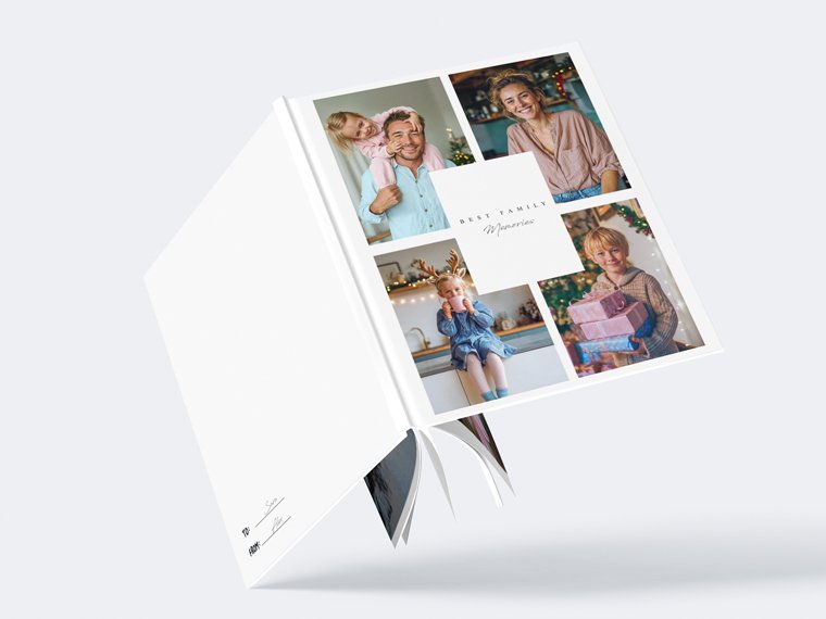 Livre photo avec ouverture à plat et impression sur véritable papier photo, brillant ou mat.
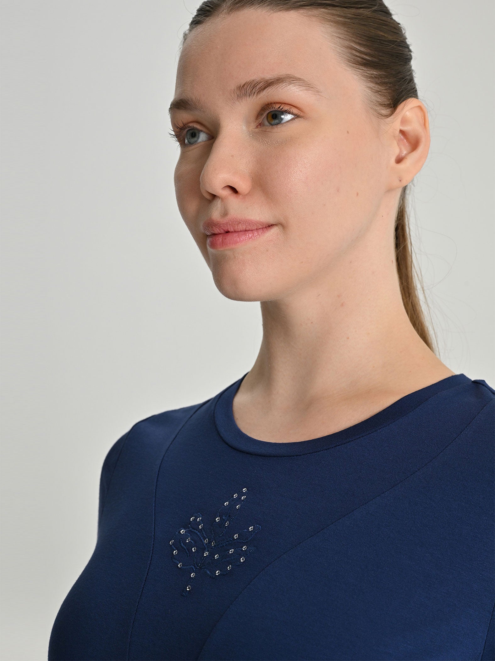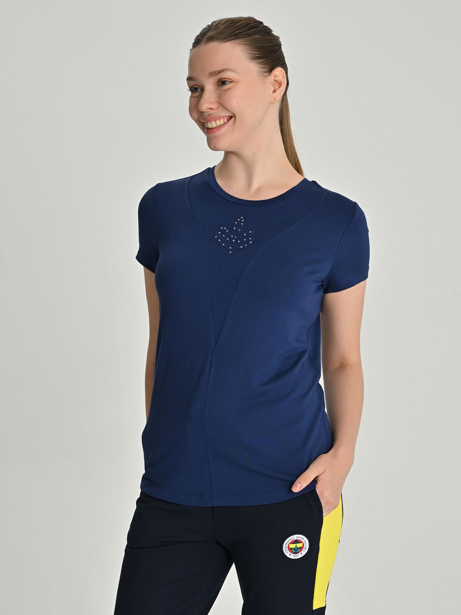 Fenerbahçe Lacivert Trend Taşlı Palamutlu Kadın Tshirt
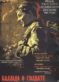 «Баллада о солдате» — советский художественный фильм 1959 года режиссёра Григория Чухрая. Повествует о нескольких днях из жизни солдата, который едет в отпуск к матери. В самом начале авторы сообщают, что Алексей Скворцов погибнет на войне. Фильм посмотрели более 30 млн советских зрителей, и в итоге он собрал более 100 зарубежных призов. Сценарист Валентин Ежов и режиссёр Григорий Чухрай были удостоены Ленинской премии[1].
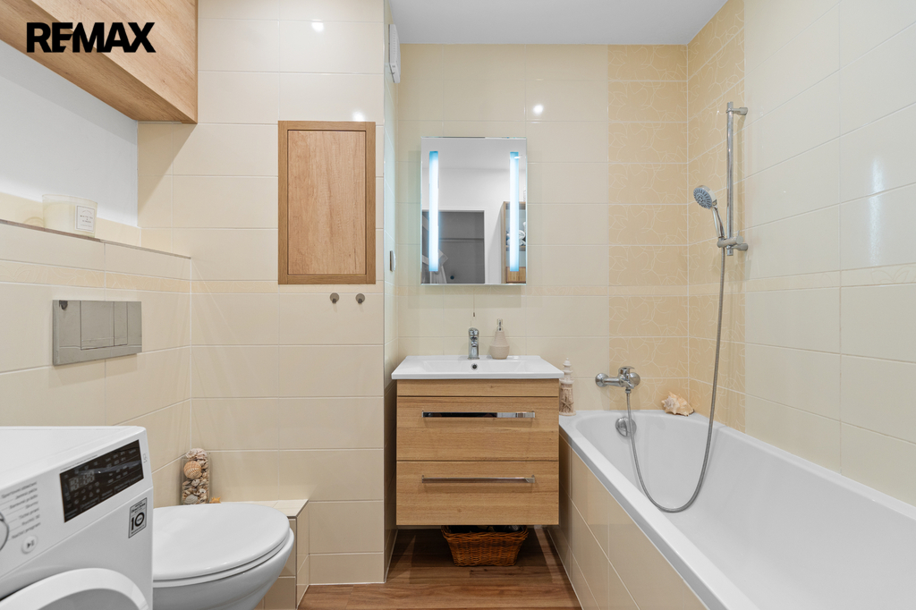 Interiér působí velmi světle, moderně, vzdušně. Dispozice je řešena tak, aby prostor působil vzdušně, přirozeně navazoval a nabídl maximální komfort pro každodenní život. Z lodžie je moc hezký výhled do zeleně a okolí, kde si rádi vychutnáte ranní kávu či večerní posezení v klid, který není v městské zástavbě obvyklý.
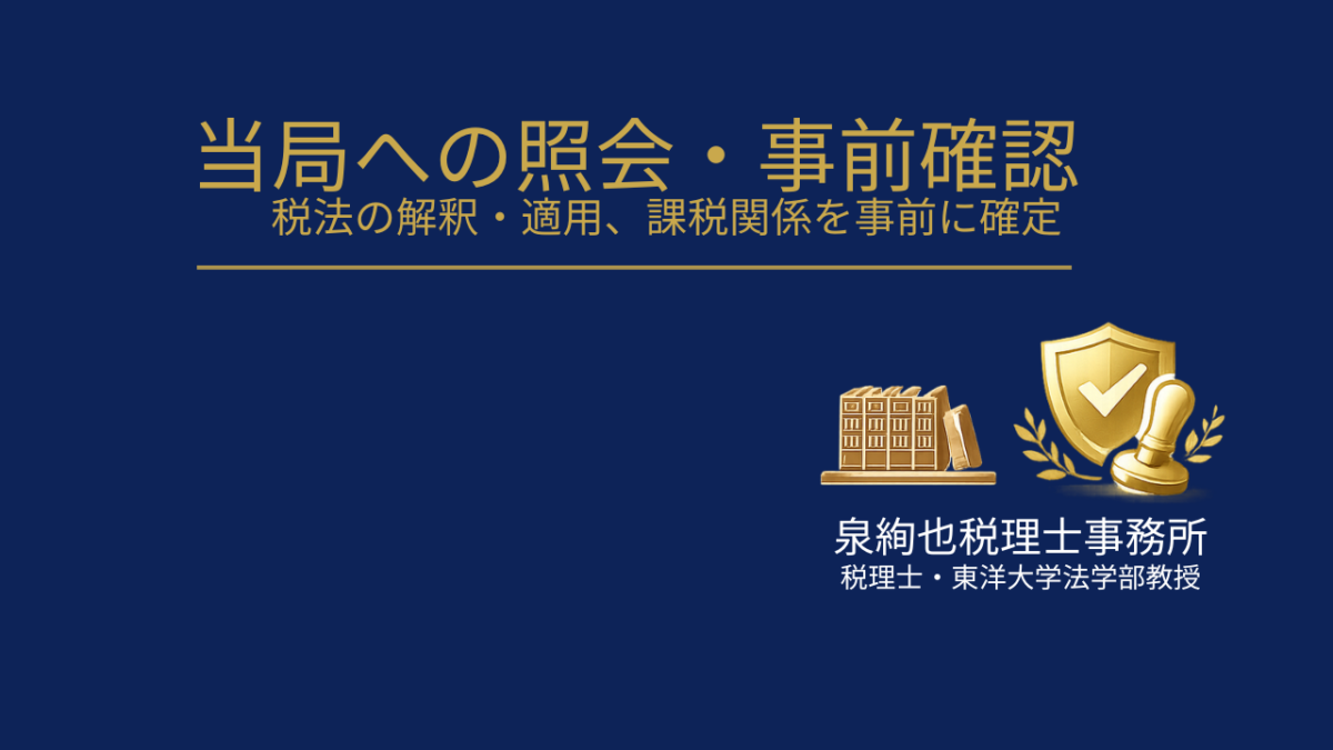 当局への照会・事前確認とは、取引を行う前に税務署や国税庁への事前照会(文書回答手続)または税理士によるセカンドオピニオン(専門家意見書)を通じて、課税関係を事前に確定させる手続きです。「税務署に相談したいが代理を頼みたい」「グレーゾーンについて税理士のセカンドオピニオンが欲しい」というニーズに対応します。
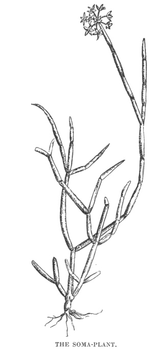 69:* The Soma-plant of the Rig-Veda is the Asclepias acida of Roxburgh. It is a creeping plant, almost destitute of leaves. It has small white fragrant flowers collected round the extremities of the branches. Roxburgh says that it yields purer milky juice than any other plant he knows; and that this juice is mild, and of an acid nature. The tender shoots are often plucked by native travellers. It grows on hills of the Punjab, in the Bolan Pass, in the neighbourhood of Poona, etc. In the Brāhmana of the Rig-Veda (Haug's Translation), is a most interesting account of the Soma sacrifice. This is occasionally made in the present day, but very few priests are acquainted with the ritual of this once celebrated sacrifice.
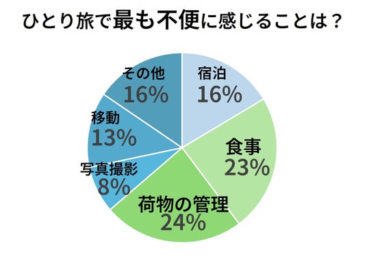 旅行中にひとりで不便に感じるシーンとして、もっとも多かった回答は、ほぼ同率で「荷物の管理」と「食事」。荷物が増えた時の移動やトイレに行く際などで、荷物の管理に不便さを感じている人が多いようです。また食事においては、ひとりでも入りやすいお店を見つけるのに苦労する、という意見や、ひとりだと料理をシェアできないため、食べられる品数が限られてくるという意見が多く見られました。

○ ○ ○ ○ ○

--- WORK INSTRUCTIONS ---
Up to and including the line that contains "Interiér působí velmi", print the records above exactly from their first line, without any pictures.

--- WRITTEN SOLUTION ---
 Livre photo avec ouverture à plat et impression sur véritable papier photo, brillant ou mat.
 Fenerbahçe Lacivert Trend Taşlı Palamutlu Kadın Tshirt
 «Баллада о солдате» — советский художественный фильм 1959 года режиссёра Григория Чухрая. Повествует о нескольких днях из жизни солдата, который едет в отпуск к матери. В самом начале авторы сообщают, что Алексей Скворцов погибнет на войне. Фильм посмотрели более 30 млн советских зрителей, и в итоге он собрал более 100 зарубежных призов. Сценарист Валентин Ежов и режиссёр Григорий Чухрай были удостоены Ленинской премии[1].
 Interiér působí velmi světle, moderně, vzdušně. Dispozice je řešena tak, aby prostor působil vzdušně, přirozeně navazoval a nabídl maximální komfort pro každodenní život. Z lodžie je moc hezký výhled do zeleně a okolí, kde si rádi vychutnáte ranní kávu či večerní posezení v klid, který není v městské zástavbě obvyklý.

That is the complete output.